Chang Tai-Li, Sponseller Paul D, Kebaish Khaled M, Fishman Elliot K
Department of Orthopaedic Surgery, The Johns Hopkins Hospital, Baltimore, MD, USA.
Spine (Phila Pa 1976). 2009 Mar 1;34(5):436-40. doi: 10.1097/BRS.0b013e318194128c.
Three-dimensional computed tomography (CT) radiographic analysis.
To describe the parameters for a trajectory through a sacral starting point as a method of pelvic fixation in spinal deformity and to compare this technique with insertion from the posterior superior iliac spine (PSIS).
Long anchors projecting into the ilium provide optimal pelvic fixation. The traditional starting point in the PSIS requires muscle dissection and connectors or rod bends.

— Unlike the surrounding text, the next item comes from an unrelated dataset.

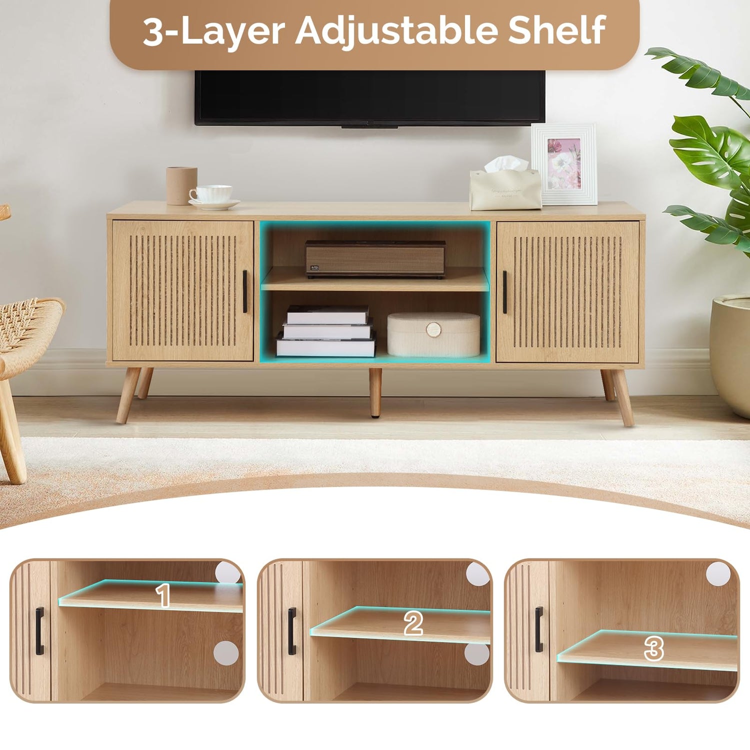 - 【Stunning Stylish TV Companion】Groove stripe doors match the natural surface, this TV stand with storage blends modern and natural style. Elevate your living space with our stylish tv stand, the perfect companion for your stunning 65-inch television. Say goodbye to dull surroundings and hello to a chic entertainment hub!

Twenty pelvic CTs of mature adolescents were analyzed using InSpace, a three-dimensional CT program, by 2 surgeons. Trajectory with maximal length and width through the sacral ala and iliac wing was obtained through CT imaging plane manipulation. Trajectory and starting-point parameters were measured. Parameters were evaluated and compared for insertion from the PSIS.
Based on the ideal trajectory, the mean starting point in S2 was 25 mm caudal to the superior endplate of S1 and 22 mm lateral to the sacral midline (S2 alar-iliac [S2AI] path). Maximal mean S2AI distance was 105 mm (range, 74-129 mm; SD = 11 mm). Maximal mean length for PSIS insertion was 118 mm (range, 99-147 mm; SD = 13 mm). Mean angulation was 40 degrees (SD = 6 degrees ) laterally in the transverse plane and 39 degrees (SD = 6 degrees ) caudally in the sagittal plane. The mean difference between surgeons in selecting the trajectory was 2 degrees and 1 degrees in the transverse and sagittal plane, respectively. The S2AI pathway traversed 35 mm of sacral ala. The narrowest mean width of the ilium along this path was 12 mm (range, 6-18 mm). The starting point for the S2AI was 19 mm deep to the PSIS. The distance from skin for S2AI versus PSIS techniques was 52 and 37 mm, respectively.
Iliac fixation through the S2 ala provides a reproducibly chosen starting point in line with S1 pedicle anchors. Implant prominence is minimized because the starting point is 15 mm deeper than the PSIS entry. It is less likely to be affected in cases using iliac crest bone graft harvest because of the more anterior position of the anchor in the ilium.
三维计算机断层扫描(CT)影像学分析。
描述经骶骨起始点的一条轨迹参数,作为脊柱畸形骨盆固定的一种方法,并将该技术与从髂后上棘(PSIS)置入的方法进行比较。
长锚钉置入髂骨可提供最佳的骨盆固定。PSIS的传统起始点需要进行肌肉剥离以及使用连接装置或棒材弯曲。
2名外科医生使用三维CT程序InSpace对20例成熟青少年的骨盆CT进行分析。通过CT成像平面操作,获取经骶骨翼和髂骨翼的最长和最宽轨迹。测量轨迹和起始点参数。对从PSIS置入的参数进行评估和比较。
基于理想轨迹,S2的平均起始点在S1上终板尾侧25mm以及骶骨中线外侧22mm处(S2翼-髂骨[S2AI]路径)。S2AI的最大平均距离为105mm(范围74 - 129mm;标准差 = 11mm)。PSIS置入的最大平均长度为118mm(范围99 - 147mm;标准差 = 13mm)。平均成角在横断面为向外侧40度(标准差 = 6度),在矢状面为向尾侧39度(标准差 = 6度)。外科医生在选择轨迹时,横断面和矢状面的平均差异分别为2度和1度。S2AI路径穿过35mm的骶骨翼。沿此路径髂骨的最窄平均宽度为12mm(范围6 - 18mm)。S2AI的起始点比PSIS深19mm。S2AI与PSIS技术从皮肤到的距离分别为52mm和37mm。
经S2翼进行髂骨固定提供了一个可重复选择的起始点,与S1椎弓根锚钉一致。由于起始点比PSIS入点深15mm,植入物突出最小化。在使用髂嵴取骨的病例中,因其在髂骨中的位置更靠前,受影响的可能性较小。